The AAA architecture has been proposed by standardisation organisation, such as IETF, to provide a scalable solution to security management tasks in heterogeneous IoT ecosystems, especially those employing long-range wide-area networks. The authentication server employs EAP, a flexible solution that supports several methods, with various degrees of performance
requirements for each End-Device.

IoT Agent

The IoT Agent is a MQTT client which subscribes to the topics exposed by the MQTT broker running in the Network Server. At the heart of MQTT are the MQTT broker and clients. The data sent by the end-devices is received by the Network Server over LoRaWAN, which is in turn dispatched using MQTT messages. Each message is posted in a device-specific application reception topic. IoT Agent forwards the device metadata and sensor data to the asvin platform. It does it over HTTPs using REST API end-points. The IoT Agent acts as a bridge between the Network Server and the asvin Platform

asvin Platform

It is a Platform as a Service (PaaS) to facilitate over the air security patches for IoT devices using novel decentralized and distributed technologies. The asvin Platform provides a complete solution for device, security patches and rollout management. It is comprised of 4 components.

  1. IPFS
  2. Blockchain
  3. Customer Platform
  4. Version Controller

Innovations of the IoTrust

The IoTrust project will achieve its objectives by designing, developing and integrating a novel bootstrapping protocol, peer to peer distributed storage protocol, distributed ledger technology and inventive trust monitoring algorithm. The main innovations of the IoTrust are following.

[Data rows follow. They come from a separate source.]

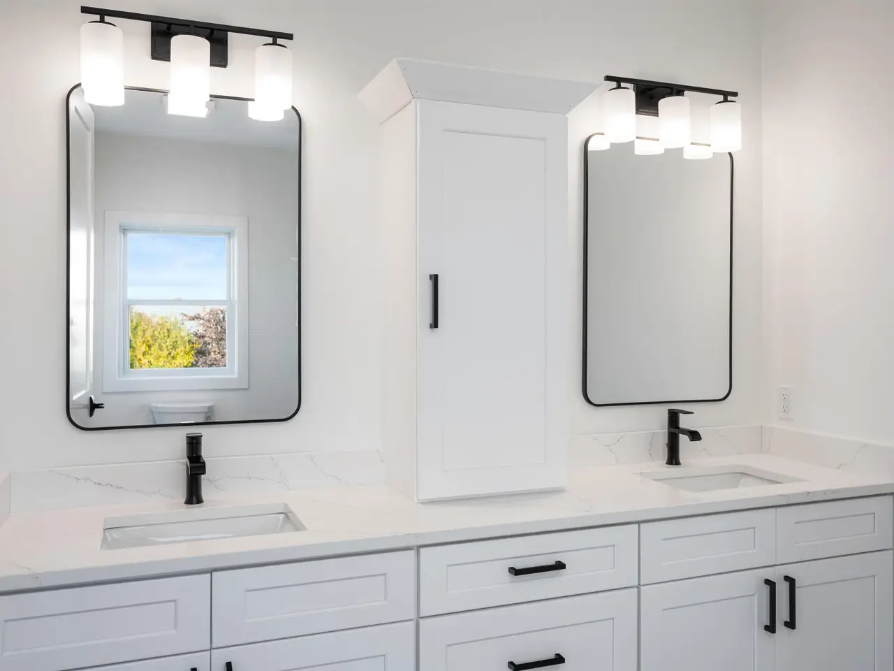 Modern West Traverse City Home with Quartz Counters & Shiplap Fireplace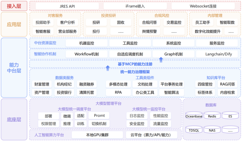 其中,“一体”指自主可控的大模型基座,是整个服务体系的核心,保障技术应用的自主性和安全性;“四翼”对应对客服务、投资投研、合规风控、内部管理四大核心业务领域,全面覆盖公司关键业务环节。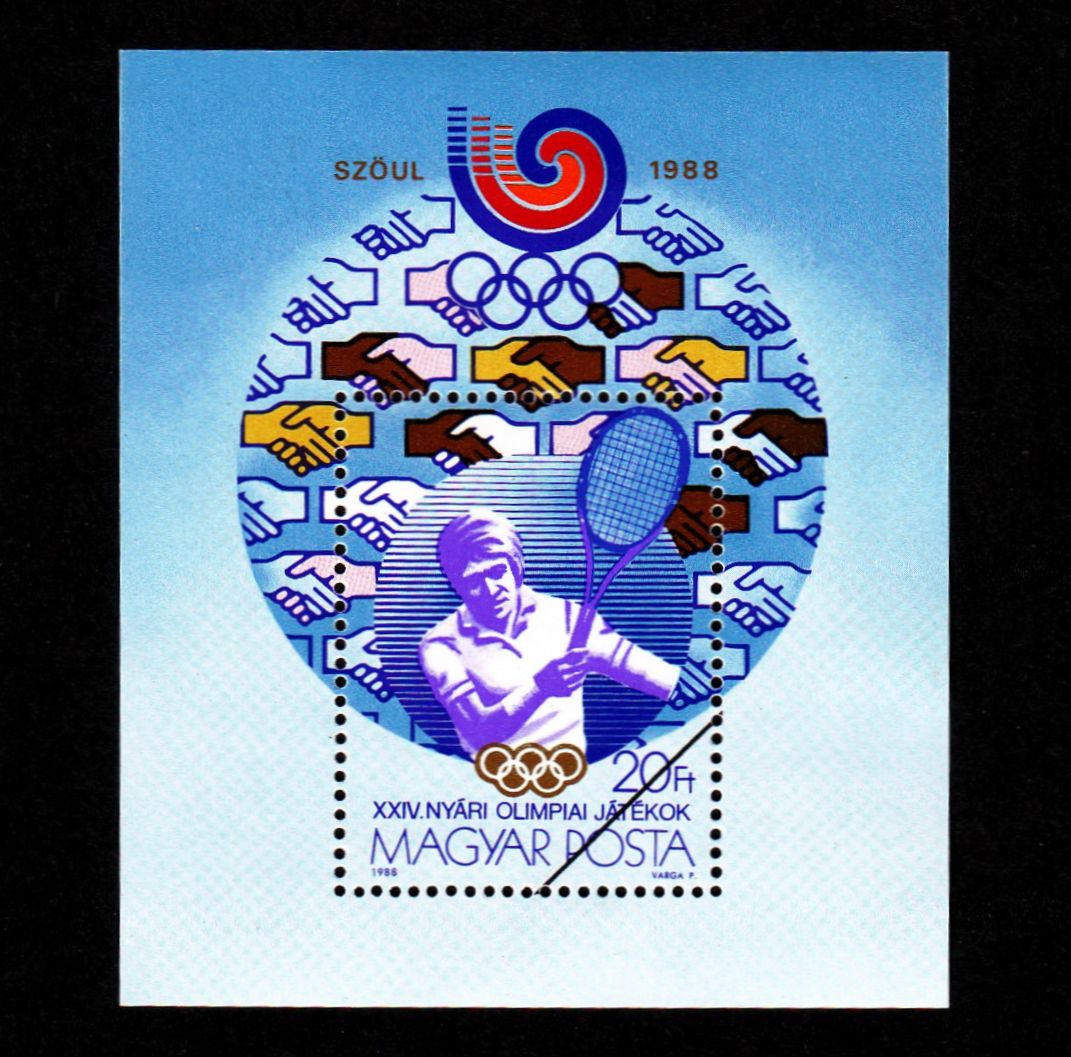 Mint never hinged souvenir sheet, Scott #3127, issued in 1988 for the Seoul Summer Olympic Games, featuring a tennis player in action. Specimen printing with line through denomination.Seller Information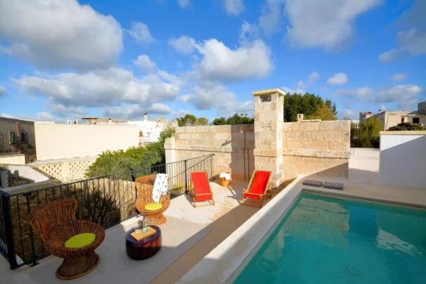 Le caractère authentique de cette demeure restaurée avec goût, entre charme historique et confort moderne. Ses terrasses aménagées et la piscine à l’étage, idéales pour se détendre dans la lumière du Salento. Sa situation centrale à Muro Leccese, à deux pas des commerces et à courte distance des plages d’Otranto et de Castro.
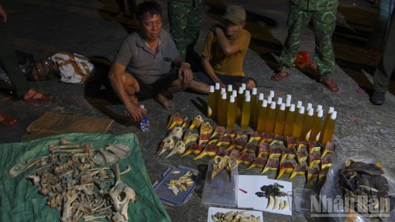 Lực lượng tuần tra tiến hành kiểm soát, phát hiện trên hai phương tiện chở hơn 4,2 tấn vảy động vật nghi ngờ là vảy tê tê, 150 bộ da trăn, 40kg mật động vật, hơn một tấn thịt ốc khô, gần 1,6 tấn da cá, 17,5kg còi ốc, 36kg xương động vật, 100kg da động vật chưa xác định chủng loại, 2,3kg mang cá, 39 mỏ chim, 210 răng động vật và 30 chai mang nhãn mác mật ong.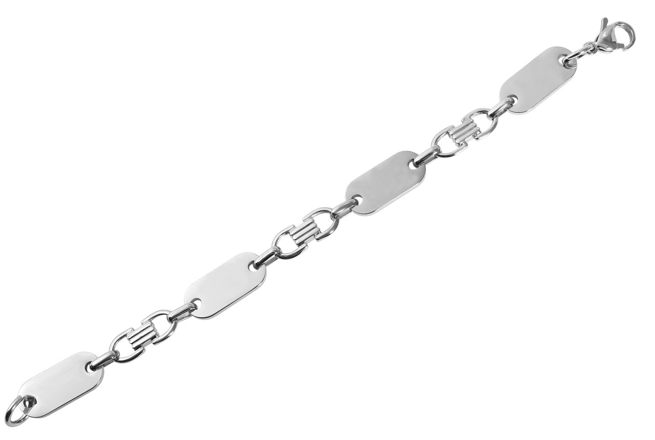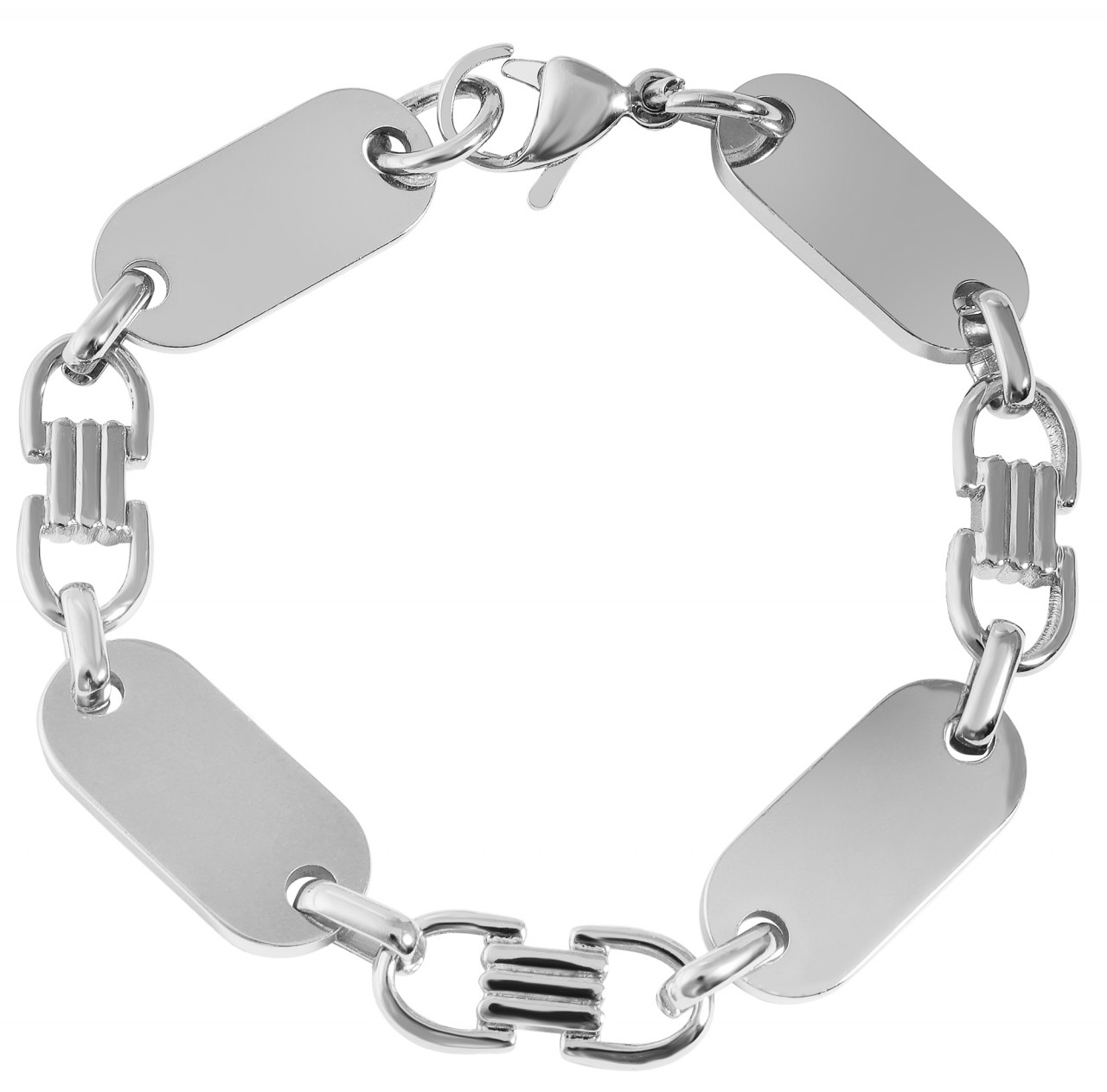 “Enid” é uma pulseira impressionante, disponível em dois comprimentos diferentes: 19 cm e 21 cm. “Enid” é uma pulseira versátil para homem e mulher e dá um toque especial a cada look. As placas de 22 x 10 mm oferecem espaço suficiente para gravações pessoais. As placas gravadas alternadas com os elementos estruturados conferem à pulseira um visual impressionante. O fecho lagosta oferece segurança e facilita a colocação e remoção da corrente.

  1. Secure Bootstrapping of LO-CoAP-EAP built with Internet standards for secure setup of IoT devices.
  2. Trust Monitoring: Human-centric trust report of IoT devices to simplify the maintenance decisions making of inexpert end-users for achieving cost effective and sustainable IoT infrastructure.
  3. Decentralized Peer-to-Peer Reprogramming: High resilience against DDoS attacks by decentralized distribution of encrypted firmware, configurations and patches based on peer-to-peer IPFS networks.
  4. Trusted layer for IoT Networks: DTL-based privacy-enhanced storage and IDs management to identify IoT devices and calculate their trust scores.

The core technologies used in the IoTrust are following.

Low-Overhead CoAP-EAP

It integrates the use of Authentication, Authorization and Accounting (AAA) infrastructure, the Extensible Authentication Protocol (EAP) Constrained and Constrained Application Protocol (CoAP).

IPFS

Interplanetary File System (IPFS) is distributed system for storing and accessing files. It will be utilized to store firmware files and security patches of IoT devices.

Hyperledger Besu

Device and firmware metadata information will be stored in a distributed ledger. Hyperledger Besu will be utilized for this task. It is an open-source Ethereum client developed under Linux Foundation.

LoRaWAN

It is Low Power Wide Area (LPWA) networking protocol designed to wirelessly connect battery operated devices. The end devices in the IoTrust framework will communicate using LoRaWAN protocol.

IoTrust Project Kickstart

It is our pleasure to announce that IoTrust project has been selected for funding under the NGI TRUST. The digital worx GmbH and Odin Solutions submitted the IoTrust project proposal in the NGI_TRUST 3rd Open Call. The NGI_TRUST has been cofounded by European Union’s Horizon 2020 research and innovation program. It supports the development of human-centric internet in the field of privacy and trust enhancing technologies.

The IoTrust aims to provide simple setup and reliable operation of IoT networks in a trusted and secure manner automated setup of IoT peer-to-peer networks and open source stacks for worldwide applications.